Input material
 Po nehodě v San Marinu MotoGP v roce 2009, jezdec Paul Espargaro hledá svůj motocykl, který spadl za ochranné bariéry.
---
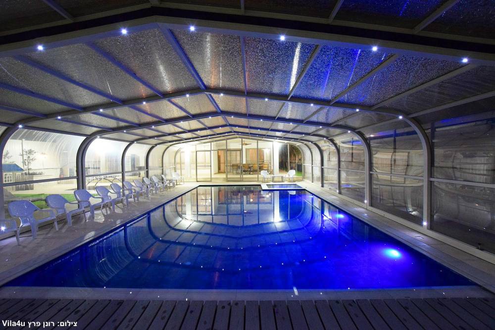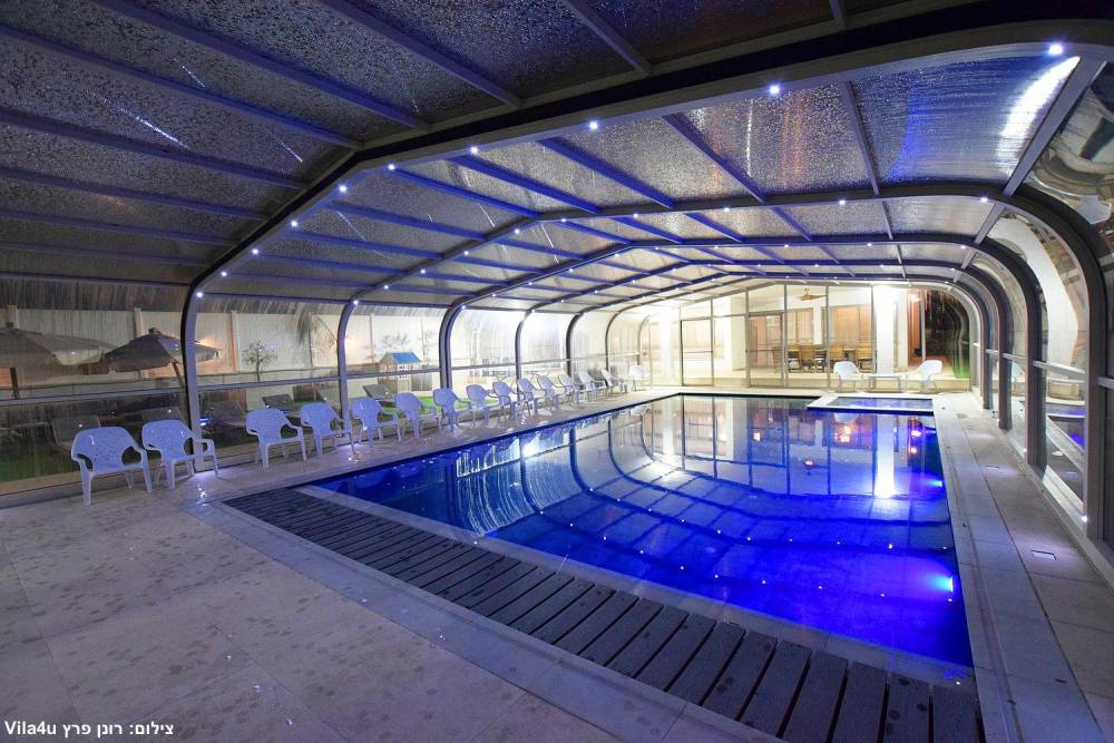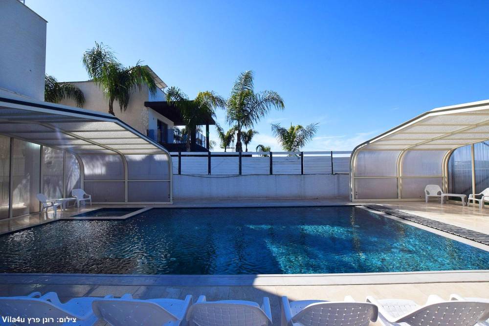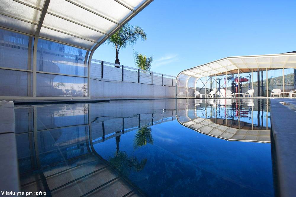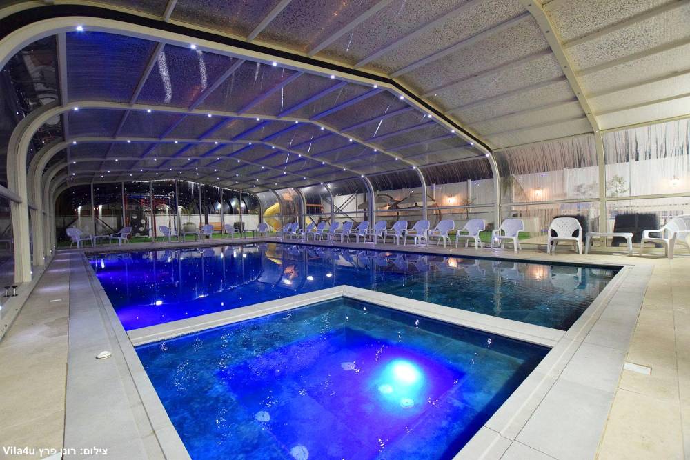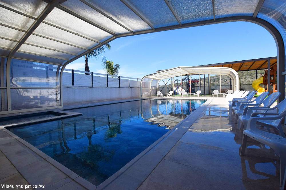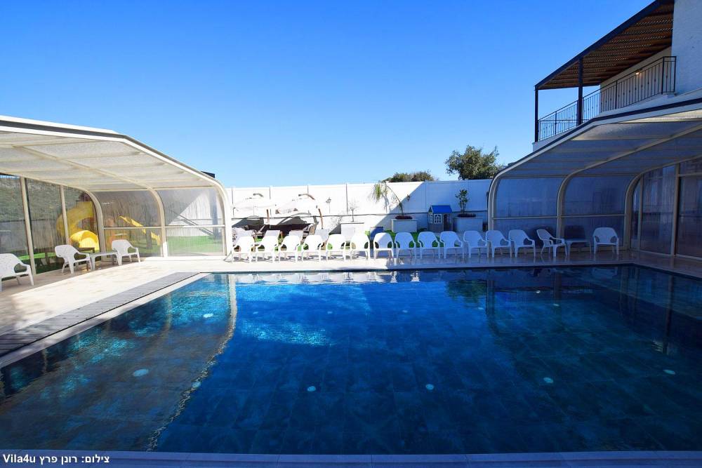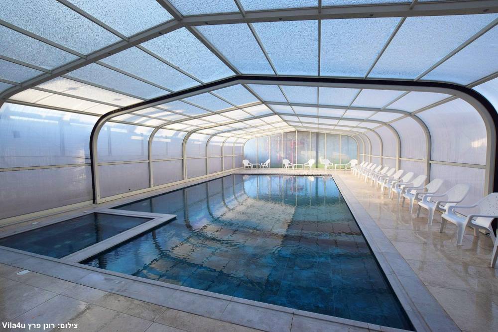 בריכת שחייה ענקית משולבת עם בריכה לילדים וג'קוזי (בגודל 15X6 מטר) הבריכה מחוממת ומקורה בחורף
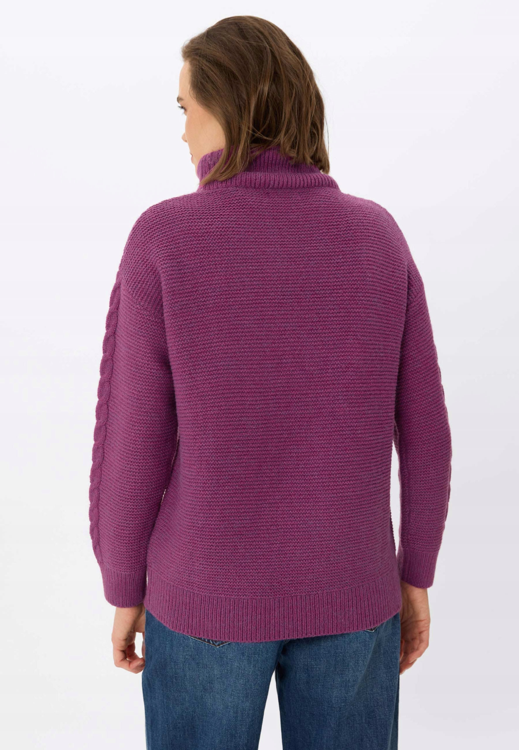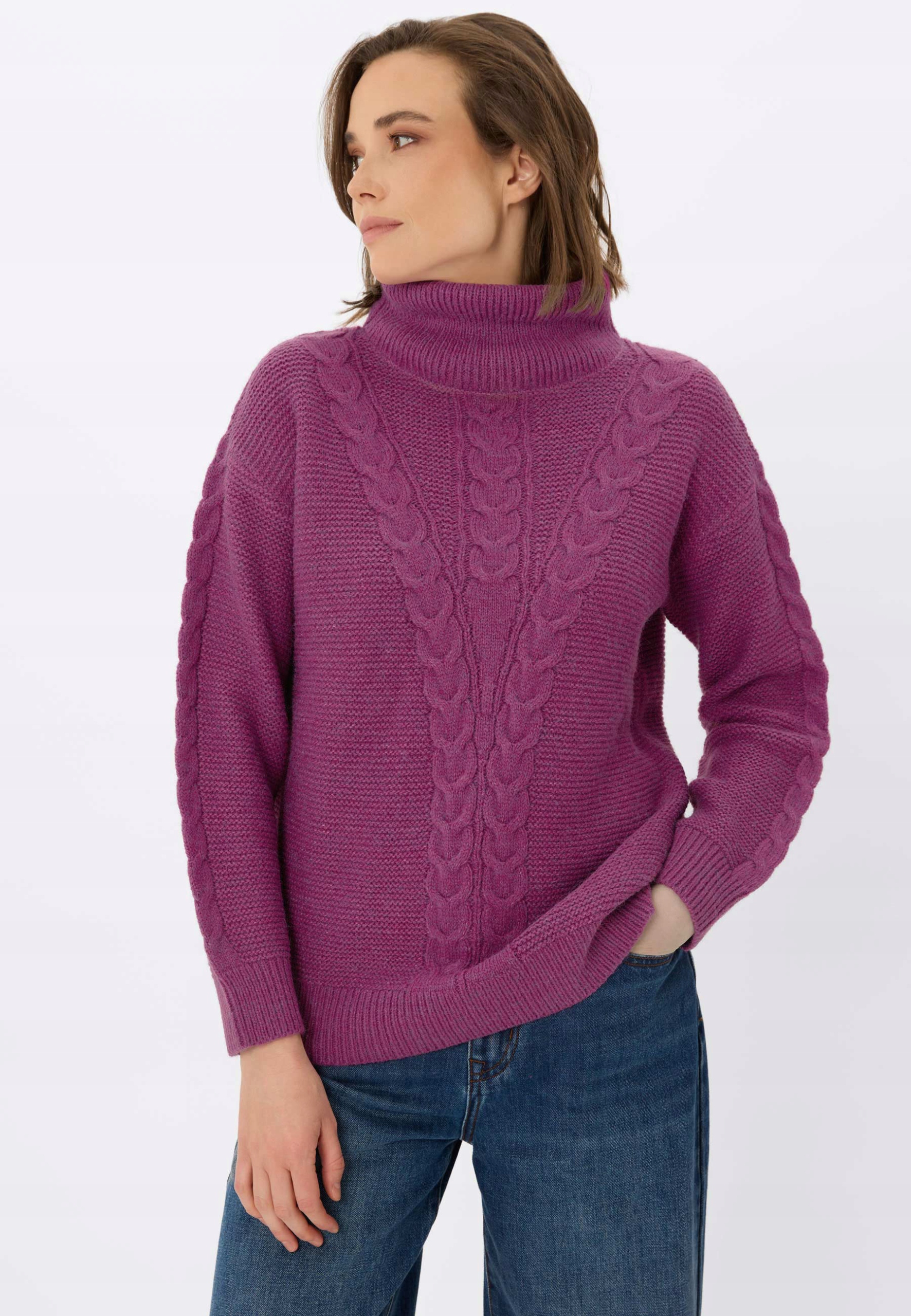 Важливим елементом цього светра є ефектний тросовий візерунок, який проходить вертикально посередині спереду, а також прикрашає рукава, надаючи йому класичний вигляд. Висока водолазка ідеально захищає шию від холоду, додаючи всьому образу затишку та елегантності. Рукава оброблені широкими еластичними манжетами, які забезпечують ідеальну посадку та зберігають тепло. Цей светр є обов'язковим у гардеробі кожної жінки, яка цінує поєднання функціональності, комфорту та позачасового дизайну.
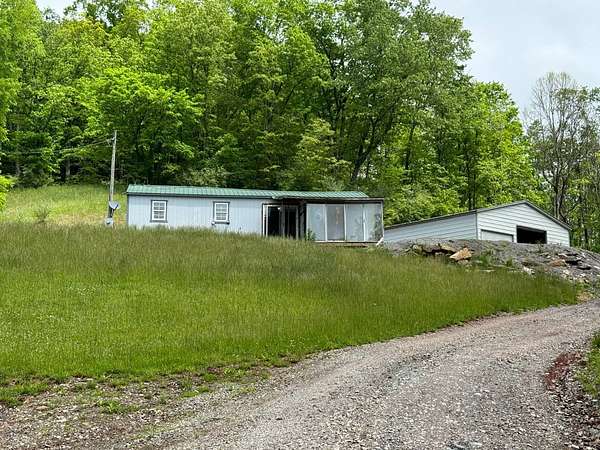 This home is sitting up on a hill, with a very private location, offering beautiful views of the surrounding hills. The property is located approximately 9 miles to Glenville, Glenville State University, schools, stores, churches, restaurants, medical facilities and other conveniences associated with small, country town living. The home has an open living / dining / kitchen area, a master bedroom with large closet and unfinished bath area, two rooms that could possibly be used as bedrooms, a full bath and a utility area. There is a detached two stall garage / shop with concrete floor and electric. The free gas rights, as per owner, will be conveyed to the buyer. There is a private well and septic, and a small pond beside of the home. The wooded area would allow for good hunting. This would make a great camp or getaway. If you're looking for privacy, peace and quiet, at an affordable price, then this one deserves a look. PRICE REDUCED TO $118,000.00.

Task prompt
Could you output exactly the lines above, from the line with "Важливим елементом цього" up to and including the line with "This home is", and nothing else, skipping the pictures?

Your response
 Важливим елементом цього светра є ефектний тросовий візерунок, який проходить вертикально посередині спереду, а також прикрашає рукава, надаючи йому класичний вигляд. Висока водолазка ідеально захищає шию від холоду, додаючи всьому образу затишку та елегантності. Рукава оброблені широкими еластичними манжетами, які забезпечують ідеальну посадку та зберігають тепло. Цей светр є обов'язковим у гардеробі кожної жінки, яка цінує поєднання функціональності, комфорту та позачасового дизайну.
 This home is sitting up on a hill, with a very private location, offering beautiful views of the surrounding hills. The property is located approximately 9 miles to Glenville, Glenville State University, schools, stores, churches, restaurants, medical facilities and other conveniences associated with small, country town living. The home has an open living / dining / kitchen area, a master bedroom with large closet and unfinished bath area, two rooms that could possibly be used as bedrooms, a full bath and a utility area. There is a detached two stall garage / shop with concrete floor and electric. The free gas rights, as per owner, will be conveyed to the buyer. There is a private well and septic, and a small pond beside of the home. The wooded area would allow for good hunting. This would make a great camp or getaway. If you're looking for privacy, peace and quiet, at an affordable price, then this one deserves a look. PRICE REDUCED TO $118,000.00.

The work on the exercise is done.